# What you are asked to do
Take the lines from the line containing "1 张 卡通坐在凳子上侧面照的女性素材" through the end of the entries and output them exactly, with no pictures and nothing more.
────────
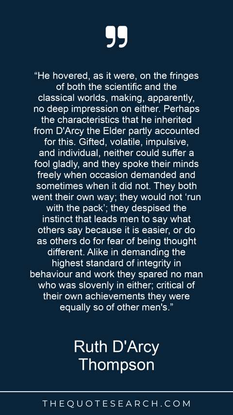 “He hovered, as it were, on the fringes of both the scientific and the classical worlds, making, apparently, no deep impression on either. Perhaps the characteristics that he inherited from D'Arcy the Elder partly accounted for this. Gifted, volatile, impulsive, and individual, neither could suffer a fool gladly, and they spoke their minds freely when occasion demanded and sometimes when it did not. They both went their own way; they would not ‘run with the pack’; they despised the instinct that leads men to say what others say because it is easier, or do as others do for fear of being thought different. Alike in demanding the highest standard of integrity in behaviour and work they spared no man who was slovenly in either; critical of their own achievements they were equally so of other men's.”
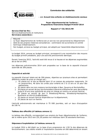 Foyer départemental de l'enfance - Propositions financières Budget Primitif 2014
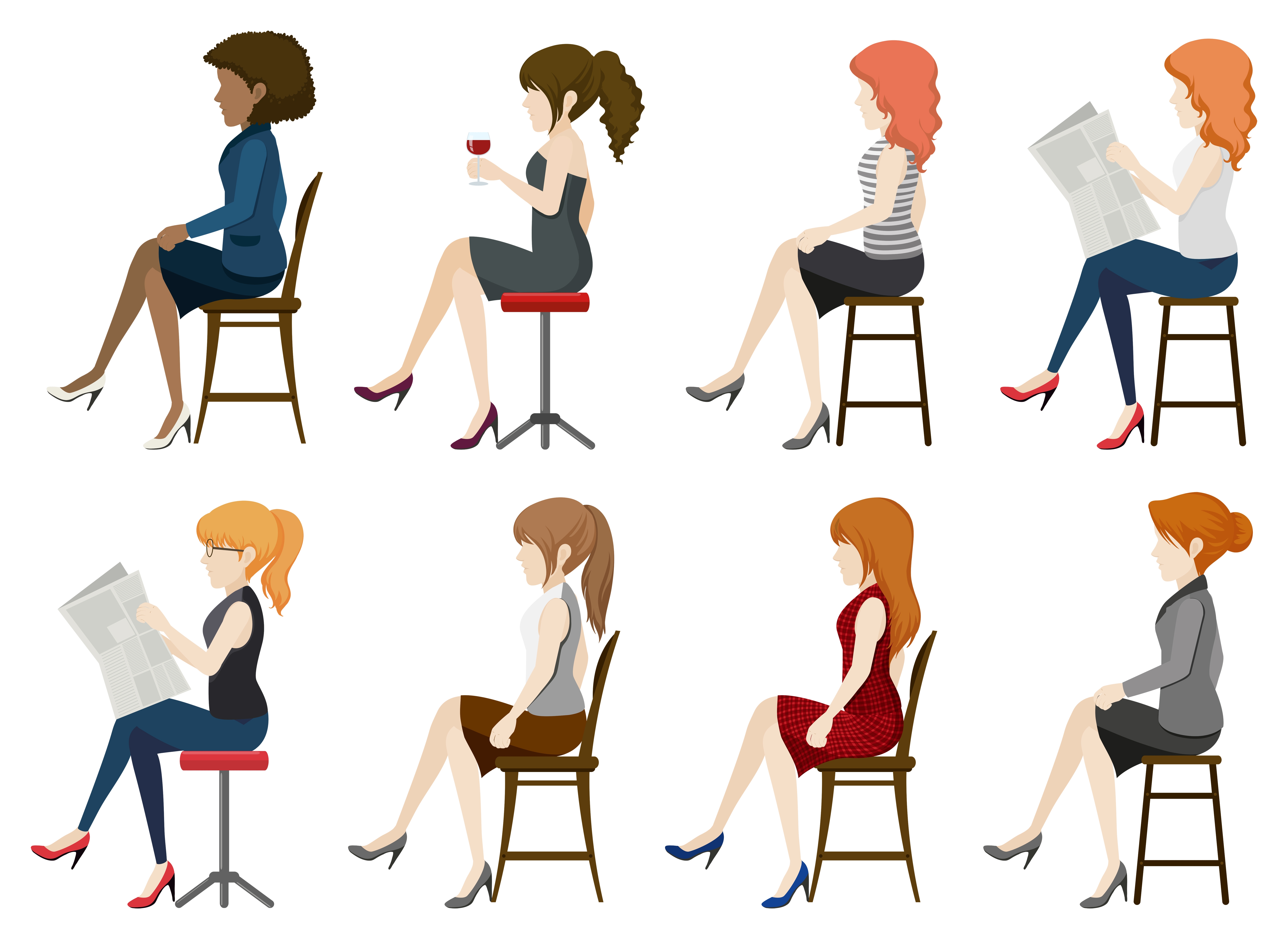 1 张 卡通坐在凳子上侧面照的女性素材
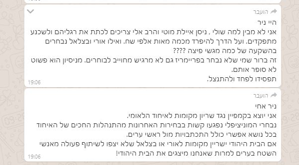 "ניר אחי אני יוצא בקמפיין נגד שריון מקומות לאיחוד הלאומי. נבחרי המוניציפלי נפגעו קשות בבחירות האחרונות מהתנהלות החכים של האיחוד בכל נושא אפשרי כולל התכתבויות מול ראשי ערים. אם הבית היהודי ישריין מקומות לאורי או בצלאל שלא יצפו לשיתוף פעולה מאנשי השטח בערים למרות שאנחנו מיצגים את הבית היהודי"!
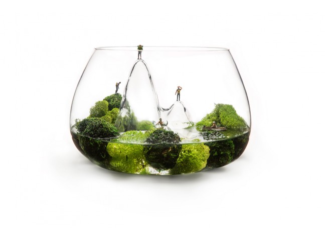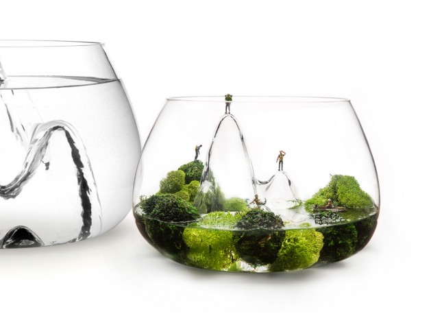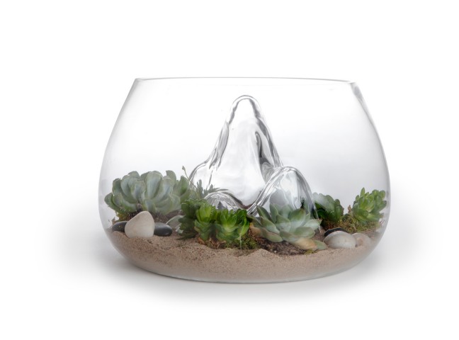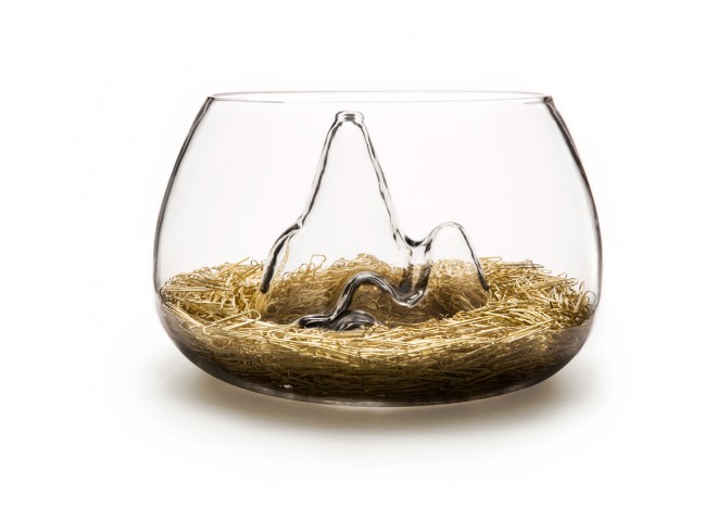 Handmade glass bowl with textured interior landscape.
────────
# Response
 1 张 卡通坐在凳子上侧面照的女性素材
 "ניר אחי אני יוצא בקמפיין נגד שריון מקומות לאיחוד הלאומי. נבחרי המוניציפלי נפגעו קשות בבחירות האחרונות מהתנהלות החכים של האיחוד בכל נושא אפשרי כולל התכתבויות מול ראשי ערים. אם הבית היהודי ישריין מקומות לאורי או בצלאל שלא יצפו לשיתוף פעולה מאנשי השטח בערים למרות שאנחנו מיצגים את הבית היהודי"!
 Handmade glass bowl with textured interior landscape.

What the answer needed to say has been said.